Certificate management (once a major pain point) was now fully automated, freeing application teams from manual renewals and complex setup.
Safer deployments with Argo and canary releases
The team paired Argo CD with Kong Ingress Controller for progressive delivery. Every new deployment gives birth to a fresh set of pods with a unique HTTP canary header, allowing teams to test new releases against production traffic safely.
“Developers can validate a deployment under real traffic," Narra said. "If something goes wrong, rollback is instant, and users never notice.”
This fail-fast pattern boosted confidence across hundreds of application teams, significantly reducing production incidents.
Building multi-region resiliency
To achieve true enterprise reliability, the company built an active-active, multi-region deployment model with Kong Gateways in both East and West regions.
Traffic is routed through the nearest gateway using DNS-based load balancing and health-checked upstream targets. If a region degrades, traffic automatically shifts to the other, ensuring availability and minimal latency.
“A shopper in San Francisco hits the West region; someone in New York goes East,” Narra said. “If one region fails, Kong reroutes instantly. No one even notices.”
This architecture not only improved uptime but also reduced cross-region costs by keeping requests local whenever possible.
Standardizing pipelines for continuous delivery
The team also built a unified CI/CD pipeline integrating Kong Gateway, Ingress Controller, TLS sidecars, and observability tooling. This pipeline:
Automates builds, tests, and deployments
Generates dashboards and alerts automatically, and
Enforces platform-wide engineering and security guardrails
With as few as 10–15 configuration inputs, developers now ship services confidently and consistently — from code to production just in hours.
“We reduced public exposure, improved resilience, and built reliability directly into our DNA. That’s operational maturity.”

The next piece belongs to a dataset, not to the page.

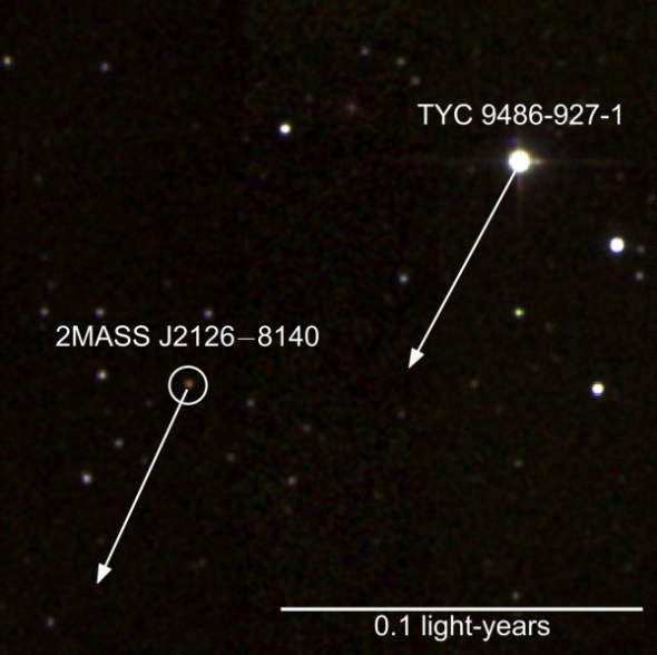 Приблизно п'ять років тому американські астрономи відкрили коричневий карлик 2MASS J2126−8140, розташований у сузір'ї Октанта на невизначеній відстані від Землі. У 2014 році інша група вчених виявила, що він входить до сусіднього з нами скупчення зірок, яке розтяглося між сузір'ями Тукана і Годинника, віддалене від нас усього на 104 світлових роки.

Operational maturity, delivered
The company’s transformation has redefined its reliability posture and developer experience. The tangible outcomes include:
5X scalability: Seamless API performance even during massive event-driven traffic surges
Zero public exposure: Full implementation of zero-trust principles — all internal traffic now private and authenticated
85% developer adoption: Platform automation embraced across nearly all application teams
Faster releases: Time to production reduced from days to hours, enabling faster experimentation
Improved reliability: Dramatic reduction in incident detection (MTTD) and recovery (MTTR) through observability integration
Standardized excellence: Guardrails and best practices embedded at the platform level — not enforced by policy, but enabled by design
Beyond infrastructure, this transformation has elevated the company’s engineering culture. Platform teams are now enablers, not gatekeepers, delivering a developer experience that mirrors the company’s customer experience philosophy.

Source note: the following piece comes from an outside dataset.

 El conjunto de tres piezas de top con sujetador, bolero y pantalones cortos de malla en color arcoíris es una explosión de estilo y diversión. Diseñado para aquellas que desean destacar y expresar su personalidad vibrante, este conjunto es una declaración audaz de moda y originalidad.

“It’s about developer happiness. If we make it easy and safe for them to innovate, they’ll create incredible things for our customers.”
Next up: From gateway to service mesh
The next phase is service mesh, evolving from centralized gateway governance to fully distributed service-to-service connectivity.
“Our future is mesh,” said Mangubat. “Kong will handle north-south traffic as the mesh entry point, and east-west communication will live within the mesh itself. That’s the next level of reliability and autonomy.”
The company’s journey from reactive scaling to predictable, automated resilience now serves as a model for modern retailers aiming to balance agility with reliability.